Assignment:
From top to bottom, print the listing word for word and skip any pictures it contains.

Data provided:

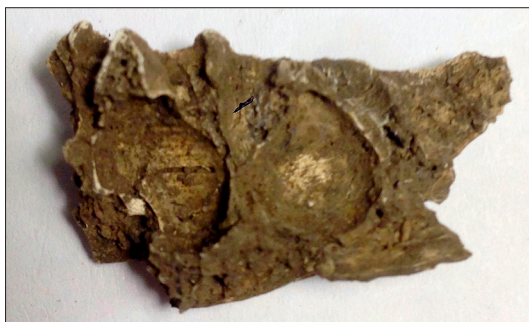
Figur 12. Bränt underkäksfragment av ett barn sannolikt från urnegrav 4. Man kan se avtryck efter både mjölkttänder och permanenta tänder (tandkronor).

Benen i ett närliggande fynd visar att där också finns delar av ett barn. På ett underkäksfragment syns att mjölkttänder varit utbildade. Alveolerna för tändernas rötter syns tydligt. Under dessa finns håligheter för hela tandkronor där två permanenta tänder börjat bildas. De ligger under två tänder med dubbla rötter. Därför bör de bildade kronorna vara P1 och P2. Individens bör därför ha dött vid 7–8 års ålder (Figur 12).
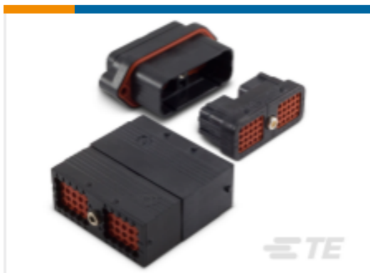
TE 产品编号DRC16-24SC DEUTSCH DRC Housings

The answer:
Figur 12. Bränt underkäksfragment av ett barn sannolikt från urnegrav 4. Man kan se avtryck efter både mjölkttänder och permanenta tänder (tandkronor).

Benen i ett närliggande fynd visar att där också finns delar av ett barn. På ett underkäksfragment syns att mjölkttänder varit utbildade. Alveolerna för tändernas rötter syns tydligt. Under dessa finns håligheter för hela tandkronor där två permanenta tänder börjat bildas. De ligger under två tänder med dubbla rötter. Därför bör de bildade kronorna vara P1 och P2. Individens bör därför ha dött vid 7–8 års ålder (Figur 12).
TE 产品编号DRC16-24SC DEUTSCH DRC Housings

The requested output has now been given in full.